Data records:
+++++

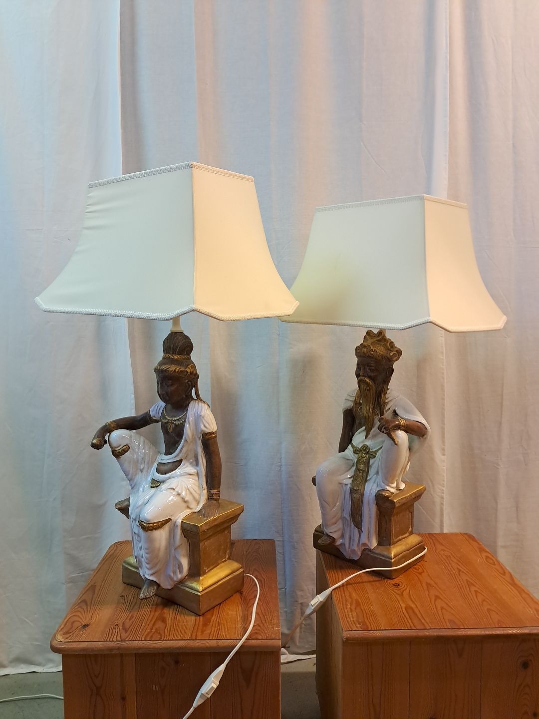 2 Bordlamper i pocelæn med skærme, fra 2000erne. Højde 83cm Skærmbredde 44cm Skærmdybde 33cm Emne nummer: 77604
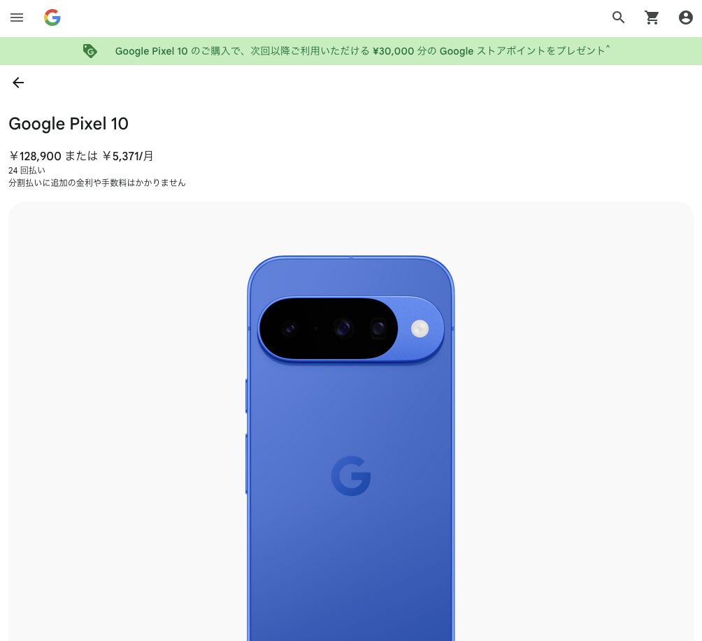 GogoleストアでのGoogle Pixel 10の販売価格は定価での販売がメインです。
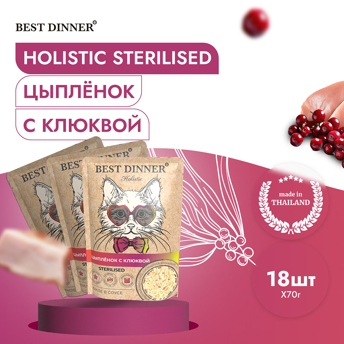 BEST DINNER HOLISTIC STERILISED для кастрированных котов и стерилизованных кошек с цыпленком и клюквой в соусе (70 гр х 18 шт)
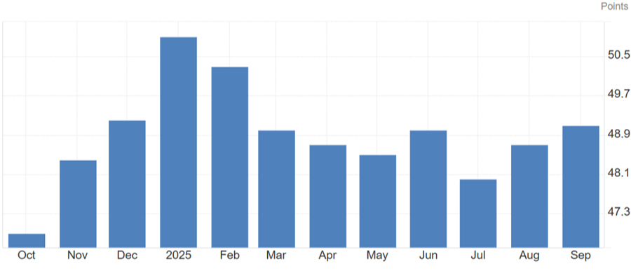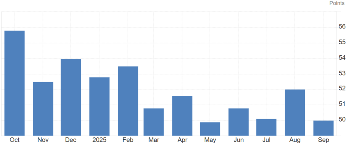 Investors also saw some economic data in the form of the ISM Manufacturing and Services Indices. The Manufacturing activity rose to 49.1 in September, slightly above expectations of 49 but remains in a state of contraction (below 50) as tariff uncertainty continues to pressure new order activity – particularly within machinery, metals, and semiconductors. Business activity within the services sector dropped to 50 in September from 52 in August, and below expectations of 51.7. The decline added an element of stagflation with the largest sector of the economy experiencing slowing growth, higher inflation, and moderating employment.
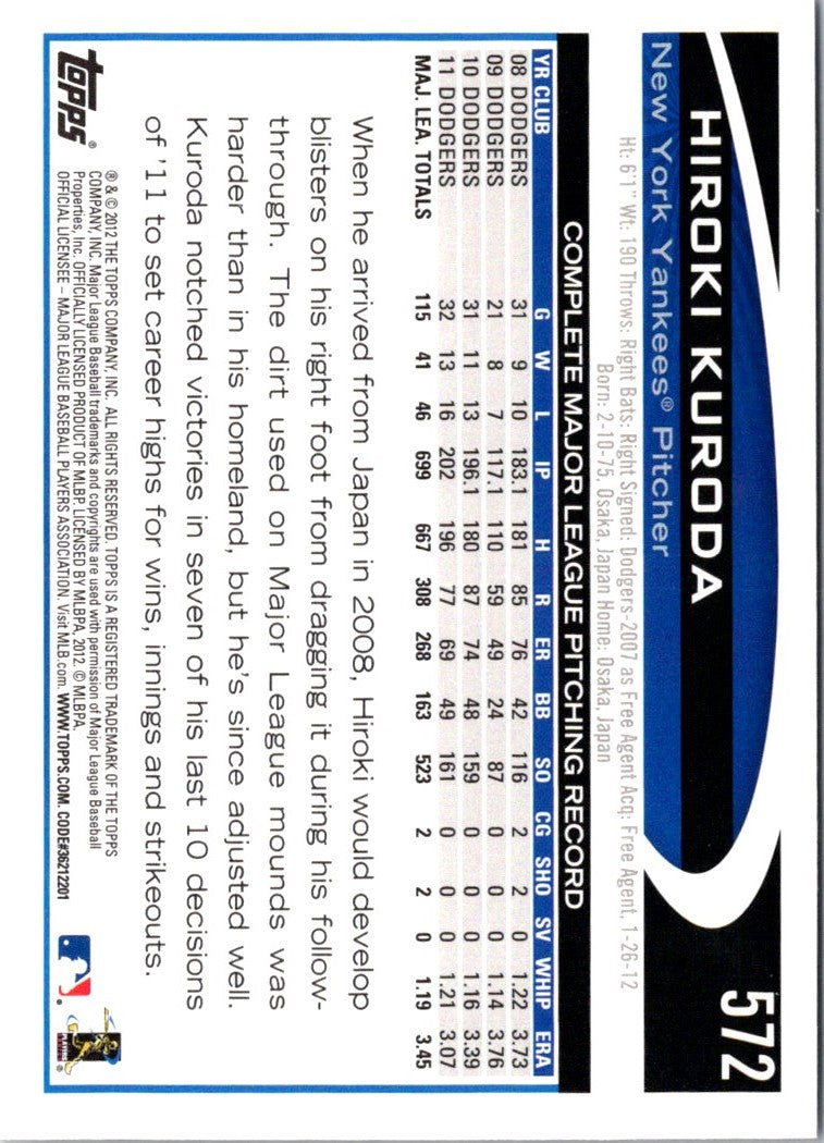 Description: 2012 Topps Hiroki Kuroda #572
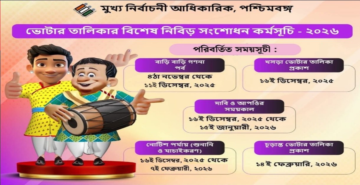 ফাইনাল ভোটার লিস্ট ২০২৬, খসড়া ভোটার তালিকা, এসআইআর ফর্ম পূরণ সময়সূচি পরিবর্তন করলো কমিশন দেখুন!
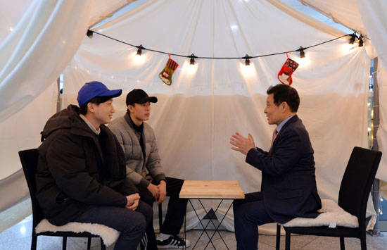 [프라임경제] 윤장현 광주광역시장이 21일 오후 1층 시민숲에서 열린 '청년 파란만장 전람회'에 참석해 청년들과 비밀의 방에서 청년의 목소리를 듣고 있다.
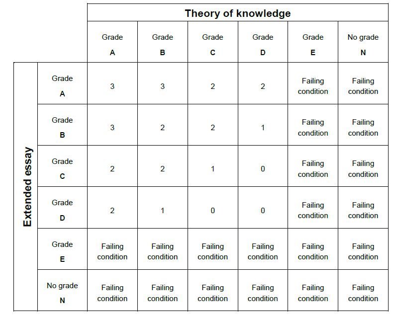For students completing the IB Diploma, their are multiple criteria that all must be met. This includes: marks in their six IB classes (on a scale of 1-7) that total to 24 or higher, passing grades in their EE and TOK, and completion of CAS. If all those criteria are met, there is the possibility of students earning ‘bonus points’. The following diagram shows the IB Points Matrix and how many bonus points a student may earn:

+++++

AIM OF THE TASK:
Leaving out the pictures, repeat all of the entries exactly.

ANSWER BOX:
 2 Bordlamper i pocelæn med skærme, fra 2000erne. Højde 83cm Skærmbredde 44cm Skærmdybde 33cm Emne nummer: 77604
 GogoleストアでのGoogle Pixel 10の販売価格は定価での販売がメインです。
 BEST DINNER HOLISTIC STERILISED для кастрированных котов и стерилизованных кошек с цыпленком и клюквой в соусе (70 гр х 18 шт)
 Investors also saw some economic data in the form of the ISM Manufacturing and Services Indices. The Manufacturing activity rose to 49.1 in September, slightly above expectations of 49 but remains in a state of contraction (below 50) as tariff uncertainty continues to pressure new order activity – particularly within machinery, metals, and semiconductors. Business activity within the services sector dropped to 50 in September from 52 in August, and below expectations of 51.7. The decline added an element of stagflation with the largest sector of the economy experiencing slowing growth, higher inflation, and moderating employment.
 Description: 2012 Topps Hiroki Kuroda #572
 ফাইনাল ভোটার লিস্ট ২০২৬, খসড়া ভোটার তালিকা, এসআইআর ফর্ম পূরণ সময়সূচি পরিবর্তন করলো কমিশন দেখুন!
 [프라임경제] 윤장현 광주광역시장이 21일 오후 1층 시민숲에서 열린 '청년 파란만장 전람회'에 참석해 청년들과 비밀의 방에서 청년의 목소리를 듣고 있다.
For students completing the IB Diploma, their are multiple criteria that all must be met. This includes: marks in their six IB classes (on a scale of 1-7) that total to 24 or higher, passing grades in their EE and TOK, and completion of CAS. If all those criteria are met, there is the possibility of students earning ‘bonus points’. The following diagram shows the IB Points Matrix and how many bonus points a student may earn:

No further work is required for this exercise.